Friday, July 1, 2011

All My Favorite Authors are Dead

In the past years, my favorite mystery writers have all died. All were prolific and all had long, distinguished careers. All left long backlists, totaling hundreds of books. The problem is, I’ve read most of them. However, if you’re not familiar with them, you have a treat in store.

It started with Ed McBain, author of the 87th Precinct mystery series. With titles such Let’s Hear it for the Deaf Man and Cop Hater, McBain transformed the police procedural into something more than the standard mystery, with complex characters and unusual storylines. Under his real name of Evan Hunter, McBain wrote many other books, including The Blackboard Jungle.

Then there’s Tony Hillerman. In his books featuring Joe Leaphorn and Jim Chee of the Navajo Tribal Police he brought to life a segment of American society unknown to many people. Set in the southwest, such books as Dance Hall of the Dead and The Shape Shifters revolve around life on the Navajo reservation, and are influenced by Navajo mythology and traditions. These are good, absorbing reading. I miss Hillerman.

Donald Westlake was best known for his Dortmunder series, a career criminal who dreams up grandiose plots for capers that always go just a little bit wrong. From The Hot Rock, the first book in the series, to Get Real, the final one, Dortmunder and pals blunder through one comic misadventure after another. Westlake also wrote many stand-alone titles, as well as other mysteries and Westerns under various pseudonyms. I’m really going to miss Westlake.

Stuart Kaminsky authored several series, each one featuring offbeat characters. Toby Peters is a detective in 1930’s and 1940’s Hollywood, who works with such people as Groucho Marx (You Bet Your Life) and Cary Grant (To Catch a Spy). His other series feature Abe Lieberman, an aging and much put-upon Chicago detective; Lew Fonesca, a process server who lives in a decrepit office building behind a Dairy Queen in Sarasota; and Inspector Rostnikov, who battles crime and corruption in post-Communist Russia. Kaminsky was also a film historian and screenwriter; he wrote the screenplay for Once Upon a Time in America.

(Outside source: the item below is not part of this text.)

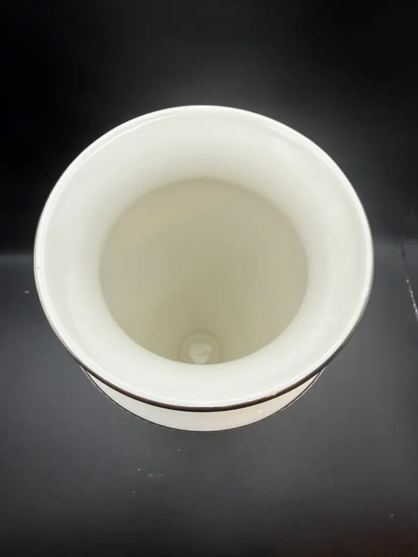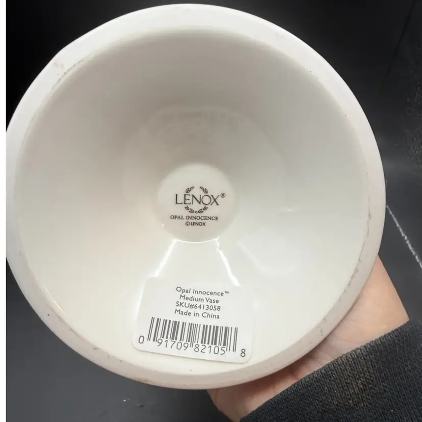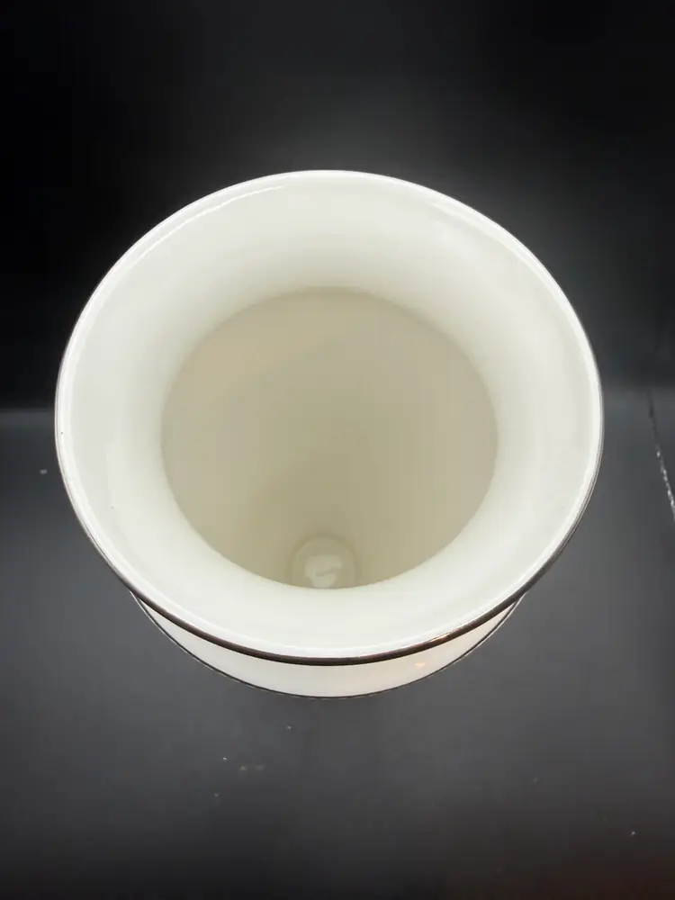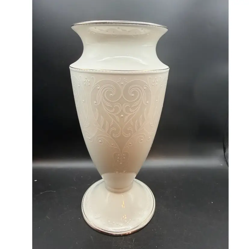 It features an elegant ivory/white color with a glossy finish and platinum (silver-tone) trim on the rim and base. The vase has a distinct embossed or carved vine and scroll pattern around the center. It is a discontinued item from the Lenox collection. The material is porcelain or fine china, not the crystal version of the same design.

Within the last few years, we lost a trio of great Massachusetts authors. First was Philip R. Craig, whose books featuring J. W. Jackson are set on Martha’s Vineyard. A former Boston detective, Jackson now does odd jobs around the island when he’s not fishing for stripers and bluefish. He should be enjoying the good life, but in books such as A Shoot on Martha's Vineyard and A Beautiful Place to Die, he keeps encountering murder. Who knew the Vineyard was such a hotbed of crime? Craig also authored a cookbook, Delish!: The J. W. Jackson Recipes, which is well worth a look.

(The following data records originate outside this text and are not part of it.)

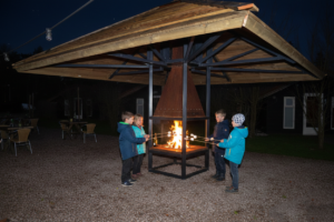 De avond valt langzaam over de camping. Tentlampjes floepen aan, kinderen rennen nog met roodverbrande neuzen over het veld en de lucht krijgt dat blauwe tintje dat alleen zomeravonden hebben. Midden op het terrein begint de vuurhaard met luifel zachtjes te gloeien. Eerst komen er twee kinderen nieuwsgierig naartoe, een zak marshmallows stevig in de hand. Dan sluiten er meer aan. Binnen een paar minuten staat er een volle kring; vaders die het perfecte stokje zoeken, moeders die lachen om half verbrande schuimpjes en kinderen die elkaar leren hoe je een marshmallow precies goudbruin krijgt.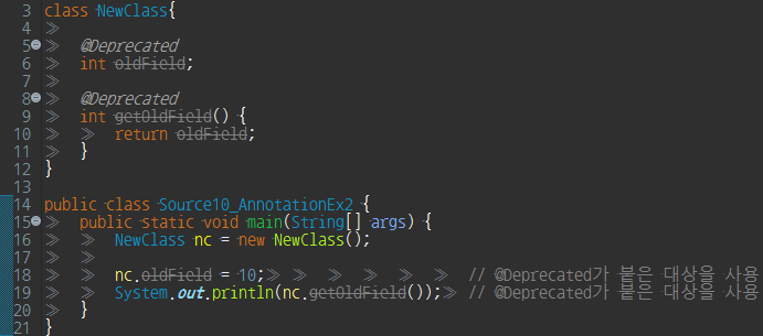 | @Deprecated | 앞으로 사용하지 않을 것을 권장하는 알림이 생긴다. |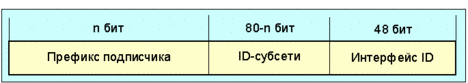 Рис. 4.4.1.1.3 Где 48-битовый идентификатор интерфейса представляет собой IEEE-802 MAC адрес. Использование IEEE 802 mac адресов в качестве идентификаторов интерфейсов будет стандартным в среде, где узлы имеют IEEE 802 MAC адреса. В других средах, где IEEE 802 MAC адреса не доступны, могут использоваться другие типы адресов связного уровня, такие как E.164 адреса, в качестве идентификаторов интерфейсов. Включение уникального глобального идентификатора интерфейса, такого как IEEE MAC адрес, делает возможным очень простую форму авто-конфигурации адресов. Узел может узнать идентификатор субсети, получая информацию от маршрутизатора в виде сообщений оповещения, которые маршрутизатор посылает связанным с ним партнерам, и затем сформировать IPv6 адрес для себя, используя IEEE MAC адрес в качестве идентификатора интерфейса для данной субсети. Другой формат уникастного адреса относится к случаю, когда локальная сеть или организация нуждаются в дополнительных уровнях иерархии. В этом примере идентификатор субсети делится на идентификатор области и идентификатор субсети. Формат такого адреса имеет вид:

Like Jackson, Brady Coyne, the lawyer hero of the books by Boston author William G. Tapply, is an avid fisherman. Tapply and Craig, good friends, collaborated on several novels featuring both characters, beginning with First Light. Conscientious and dedicated to his clients, Coyne finds himself in suspenseful and dangerous situations, while dealing with a difficult personal life. Some of the titles in this series are Past Tense and Nervous Water.

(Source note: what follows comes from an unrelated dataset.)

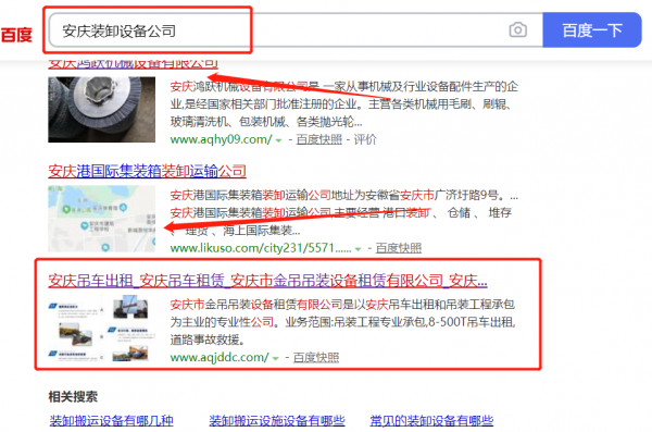 安慶市*吊吊裝設備租賃有限公司選用我司企業裝卸設備的網站優化產品,其SEO關鍵詞有裝卸設備。不管是PC、還是移動端、微信或B2B行業平臺,做到網絡推廣無死角,全方位覆蓋。根據用戶的意圖和行為數據,精準用戶畫像,識別每一位用戶真實需求及興趣愛好,實現最大化廣告效果。安慶市*吊吊裝設備租賃有限公司成立于1999年,是經安慶市市場監督管理局審核的有資質的公司,其統一社會信用代碼:91340800**2RFUKG7T。公司地址:安徽省安慶市迎江區先鋒巷14幢4單元507室。

Last, but never least, is Robert B. Parker. From the first book in the Spenser series, The Godwulf Manuscript, to the last, Sixkill, Parker wrote consistently entertaining stories about a man in a violent profession, who is not himself violent, and has a strict code of honor. In doing so, Parker transformed the private eye genre from the stereotypical hard-drinking macho detective, to a multi-faceted character. Parker also wrote two other series, and some stand-alone titles. The Spenser series and the Jesse Stone series will be continued by other authors, but somehow I don’t think it will be the same. I miss Parker a lot.

All of these authors left terrific legacies, in their books. But if you’ve read them all, as I have, the question is: what do I read now?